**What needs to be done**
Only the lines from the start of the data through the line containing "Diagrammatic sketch of" should be written out, exactly as they are, with both ends included and the pictures left out.

**Data below**
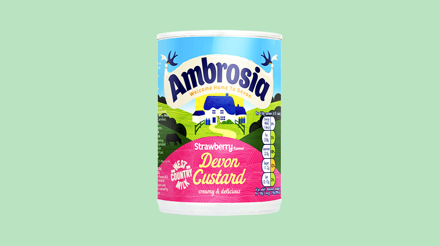 Ambrosia Ready To Serve Strawberry Flavour Devon Custard Can 400g
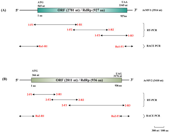 Diagrammatic sketch of RT-PCR and RACE of ArMV1 and ArMV2. (A) The genome organization and the polyprotein encoded by the ORF of ArMV1. (B) The genome organization and the polyprotein encoded by the ORF of ArMV2. The lines with a double arrow are the RT-PCR and RACE PCR products. The texts written in red show the names of the primers used.
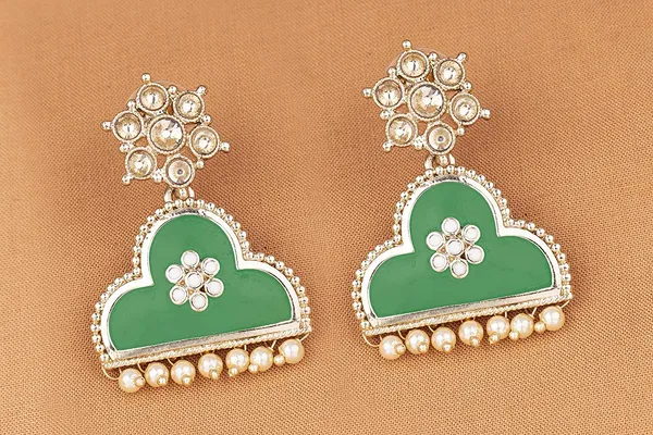 JFL - Jewellery for Less Gold Tone Floral Scallop Shape Meenakari Painted Cz LCD Stone Studded with Drop Pearl Dangler Earring Women love jewellery specially Fashions jewellery adore a women You can wear this Earrings on all occasion This beautiful piece of jewellery will enhance your beauty and compliment you Make your moment memorable with this high quality fashion earrings This earrings women’s wear on like ring ceremony, wedding and any traditional festive time, daily wear,office wear This pretty earring pair makes your look impressive for any occasion It will make your moment memorable with this range This designed Earrings will go well matching With Any Attire Like dress,saree This set will definitely be a treasured inclusion in every woman's jewellery collection new range of fashion earrings - Designer, Classy, Charming, Elegant, Appealing, Affordable, Casual as well as party wear, Pocket-friendly, Superb quality, High quality plating, Skin friendly, Non-allergic, Attractive, Mesmerising, etc
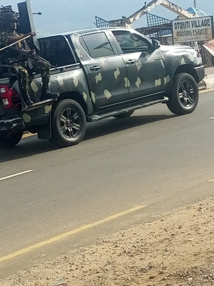 The image displays a security scene on a paved road within the city of Adankolo, Nigeria, near a sign identifying "OTOKITI VILLAGE HOUSING ESTATE." A dark-colored four-door pickup truck, consistent with a Toyota Hilux model, is centrally positioned on the asphalt road, showing a distinctive mottled green and grey camouflage paint scheme. The truck is equipped with black multi-spoke wheels and a running board. One individual, dressed in a full camouflage uniform, dark helmet, and dark boots, is seated on the left side of the truck's bed. The person holds a dark-colored long firearm, likely an assault rifle, in the left hand, oriented downwards, and a light-colored stick or rod in the right hand, extending upwards. A red container, possibly a jerrycan, is partially visible behind the individual within the truck bed. The road surface includes a solid yellow line marking the right edge of the lane, adjacent to a gravelly, sandy shoulder. In the background, behind the pickup truck, a white sign with blue lettering spelling "OTOKITI VILLAGE HOUSING ESTATE" is mounted on a decorative archway structure. The sky above is light, possibly overcast.

**Finished task**
 Ambrosia Ready To Serve Strawberry Flavour Devon Custard Can 400g
 Diagrammatic sketch of RT-PCR and RACE of ArMV1 and ArMV2. (A) The genome organization and the polyprotein encoded by the ORF of ArMV1. (B) The genome organization and the polyprotein encoded by the ORF of ArMV2. The lines with a double arrow are the RT-PCR and RACE PCR products. The texts written in red show the names of the primers used.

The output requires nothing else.